La señora Willy arrastró las cortinas al escucharme y se asomó por la ventana.
—¿Kara? ¿Estás ahí? —Ella era de las pocas personas que conocía mi nombre, aunque no estaba al tanto de los asuntos que llevaba a cabo cuando salía del estudio, y, sobre todo, dentro de aquellas cuatro paredes.
—¿Cómo se encuentra, señora Willy? —pregunté con una sonrisa de lado, ocultando mi rostro bajo la gorra y acercándome hacia las escaleras de mi estudio.
Ella se inclinó más sobre la ventana. Los rayos del sol resplandecían sobre su piel morena.
—Mucho mejor, estoy tomando esos remedios caseros que me recomendaste —contestó—, el dolor de estomago ha disminuido y creo que puedo volver a ser yo misma mañana. Tienes que pasar un día a tomar un té y conversar.
Sufría constantemente de dolores de estómago y cuando me contó sobre el malestar, comencé a preparar algunos tratamientos caseros para ella. El sistema de sanidad no era tan bueno como aseguraba tener la Corona. La cantidad de enfermos en la zona marginal aumentaban y los hospitales se encontraban saturados de pacientes. Había mayor posibilidad de infectarse que curarse en ese lugar. La gente optaba por la medicina natural para tratarse, y por suerte, mi madre me enseñó algunos remedios en caso de las urgencias.

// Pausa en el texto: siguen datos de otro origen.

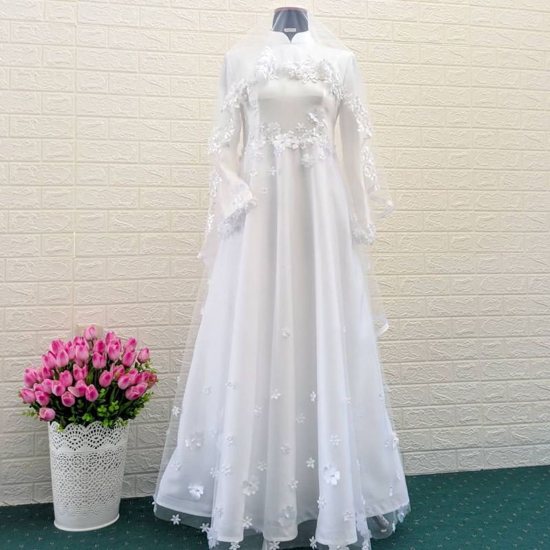 Gaun akad/Gaun walimah syari/Gaun Pengantin syari/Gamis walimah/Gamispengantin/Gaun pengantin murah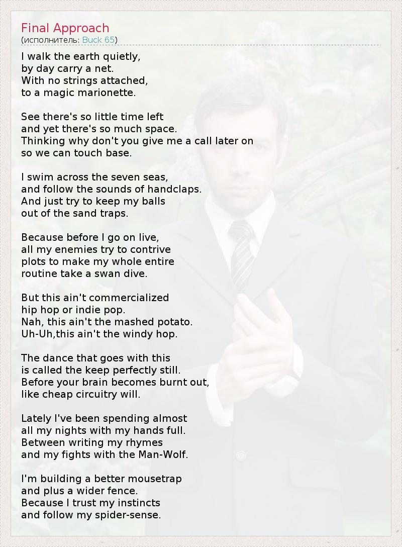Это интересно:Richard Terfry (родился 4 марта 1972-го года), более известный под именем Buck 65 - легенда канадского хип-хопа. Его роль в развитии современной хип-хоп музыки сложно переоценить. Он стал одним из создетелей современного альтернативного и экспериментального хип-хопа. К тому же его эксперименты уходят далеко за пределы хип-хопа. Он экспериментирует с блюзом, кантри, роком, фолком и авангардом.Детство... продолжение
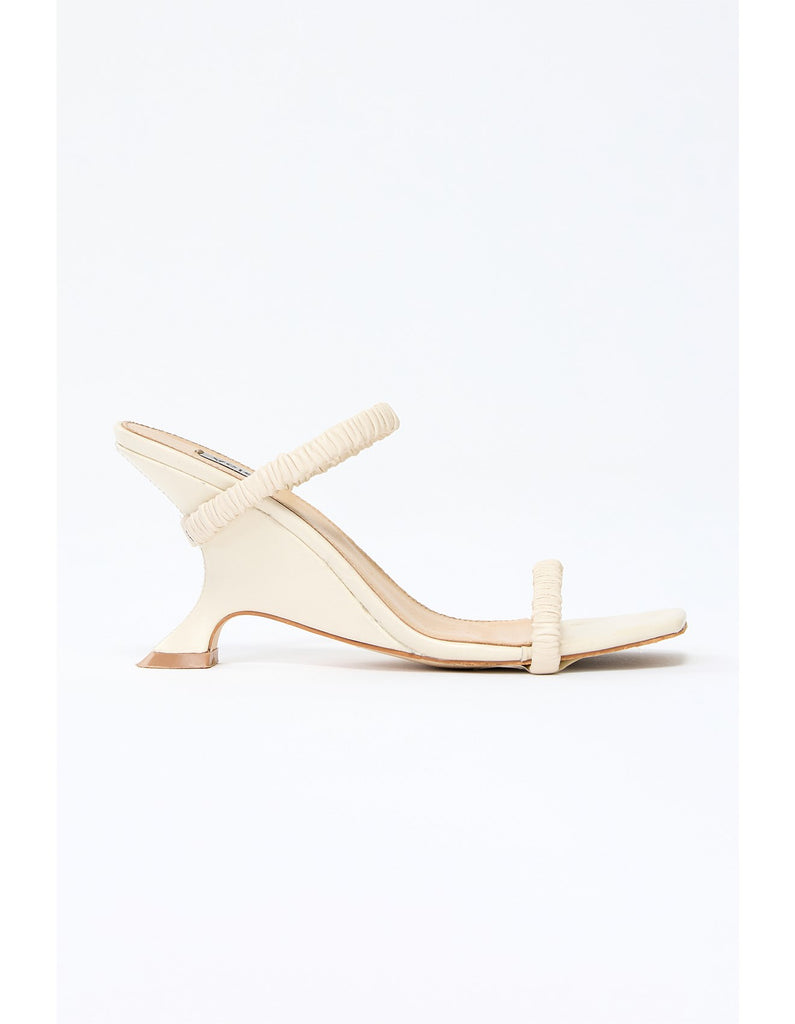 The Hanwright Wedge in Vanilla is a fresh take on the classic wedge, bringing a contemporary edge to event dressing. Crafted from a smooth leather, this sleek silhouette features elasticised ruched straps that add texture and dimension. A refined choice designed to complement both day-to-night outfitting.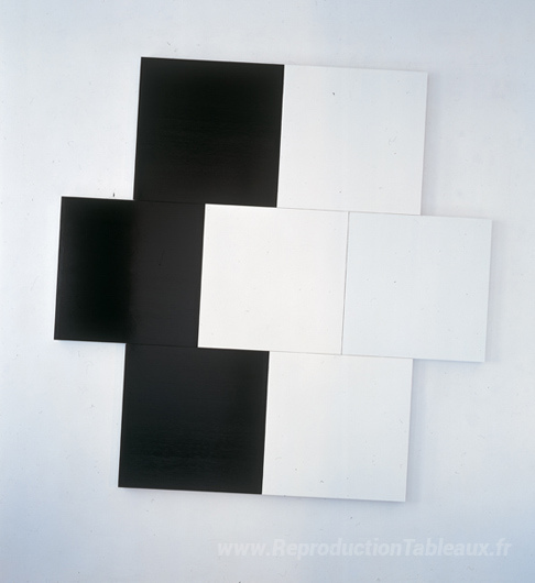 Nous vous proposons une reproduction artisanale sur toile du célèbre tableau 'Weiss und Schwarz-4' de Imi Knoebel, provenant du Musée de la Reproduction.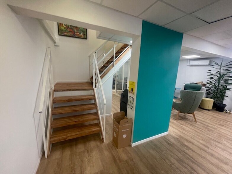 - Rez-de-chaussée : 3 bureaux, salle de réunion, 2 phones box, cuisine et sanitaire.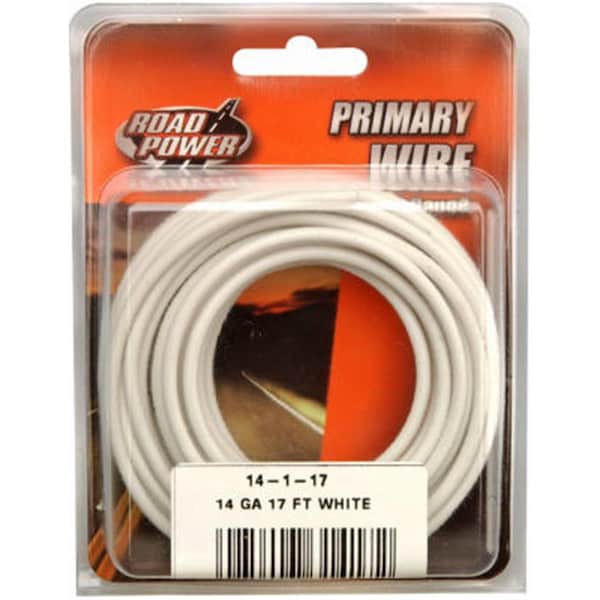 Features 17 ft. Primary Wire. Durable PVC outer-jacket resists water, oil, and chemicals. Full gauge stranded copper for higher current-carrying capacity. Color - White. 14 Gauge. Dimension - 3.5 L x 1.5 W x 4 H x in. Item Weight - 0.32 lbs.

—Me alegro mucho —susurré—, un día pasaré a visitarte y charlaremos.
Esbozó una tierna sonrisa. No tenía nietos, ni hijos, por lo que me consideraba como parte de su familia y a mí me agradaba saber que existía alguien cercano a mi vida. Me despedí de ella y subí las escaleras hacia la segunda entrada. Cuando llegué arriba, me esperaba una puerta metálica con cerradura, pero no llevaba ninguna llave conmigo. Toqué tres veces para hacerle saber a Dante que me encontraba al otro lado.
Él recibió el mensaje y cedió el acceso mediante el sistema eléctrico del cerrojo, el cual podía manipular con la cómoda cercanía de su ordenador. Cerré la puerta a mis espaldas y finalmente, logré liberarme molesta gorra que llevaba en la cabeza.
—Cielos, hace calor afuera. —Hoy hacía más calor de lo habitual. La temperatura de la zona marginal podía subir hasta los cuarenta y cinco grados. Debido al calentamiento global, la zona era la más afectaba en comparación a la élite, donde vivían los privilegiados y el clima era más soportable.
Dante asintió, pero parecía no estar al pendiente de ello. Normalmente nunca salía de casa, preferiría mantenerse concentrado en su ordenador antes de asomar la cabeza por la ventana o darse una vuelta por la primera planta. Entre los dos, a mí era la que me tocaba el trabajo más vulnerable.
Conocí a Dante hace un par de años, era un huérfano a temprana edad después de perder a sus padres a causa de la enfermedad. Nos hicimos amigos después de que me ayudara a robar comida del mercado central de Starlock. Desde entonces, nos hemos apoyado mutuamente. Nos habíamos vuelto uña y carne, trabajando juntos por muchos años. Él era más que un aliado, pues significa mucho para mí. Sin su ayuda, no habría recopilado toda la información que me acercaba a atrapar al culpable que asesinó a mi familia.